# Computational modeling reveals biological mechanisms underlying the whisker flick EEG

**Authors:** Joseph Tharayil, James B. Isbister, Esra Neufeld, Michael Reimann

PMC · DOI: 10.1016/j.isci.2025.113793 · iScience · 2025-10-17

## TL;DR

This paper uses computational models to explore how whisker flicks in rodents generate specific brainwave patterns, shedding light on neural mechanisms involved.

## Contribution

The study predicts which neural populations contribute to specific EEG components during whisker flick stimulation using computational modeling.

## Key findings

- The initial positive EEG deflection is predicted to be driven by direct thalamic inputs to cortical pyramidal cells.
- The negative EEG deflection involves a complex mix of thalamic and cortical connectivity.
- Modifications in circuit connectivity significantly affect EEG signals without altering firing rates.

## Abstract

Whisker flick stimulation is a commonly used protocol to investigate somatosensory processing in rodents. Neural activity evoked by whisker flicks produces a characteristic electroencephalography (EEG) waveform known as a somatosensory evoked potential.

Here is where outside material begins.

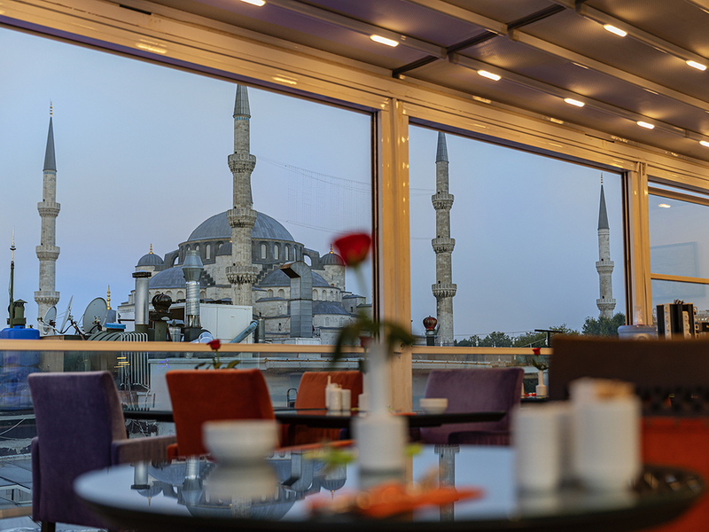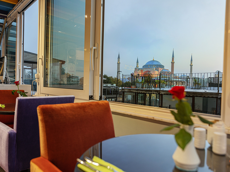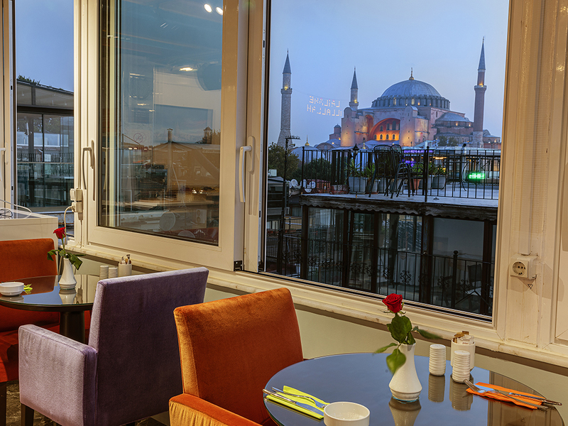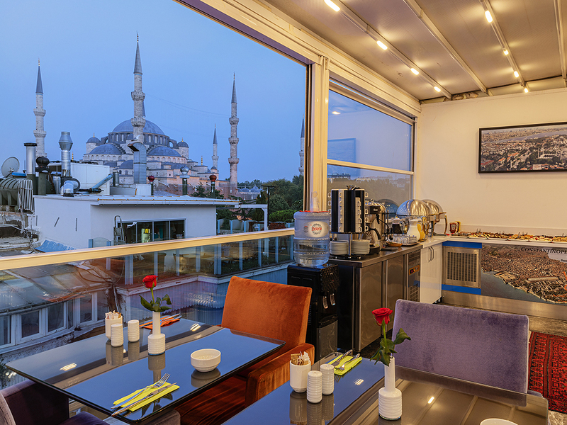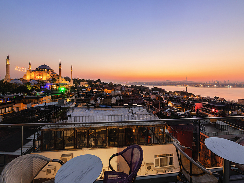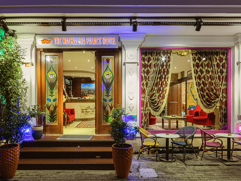 夕刻にテラスに上がれば、モスクの輝きと町のきらめき、そして夕焼けが織りなす宝石箱のような光景が、皆様を包み込みます。ザ マグナウラ パレスはブルーモスクやアヤソフィア、そしてホテルの名前に由来する旧マグナウラ宮殿の遺跡に囲まれた、歴史的スポットにたたずむホテルです。ランク自体はビジネスホテルと同等ですが、それ以上の魅力にあふれています。ブルーモスクとアヤソフィアには両方ともホテルから徒歩5分ほどでアクセス可能。観光にとてもおすすめなホテルです。

In this paper, we use computational modeling to make predictions about the neural populations that contribute to this signal, either through their own membrane currents or the membrane currents they elicit in downstream populations. While the model cannot fully explain the mechanisms of somatosensory evoked potential (SEP) generation, we predict that the initial positive deflection of the EEG waveform is driven largely by direct thalamic inputs to layer 2/3 and layer 5 pyramidal cells, while the negative deflection is driven by a more complex mix of sources, including thalamic and recurrent cortical connectivity. Small changes to the local connectivity of the circuit can have an important impact on the recorded EEG, without substantially affecting firing rates, suggesting that EEG may be useful in constraining in silico neural models.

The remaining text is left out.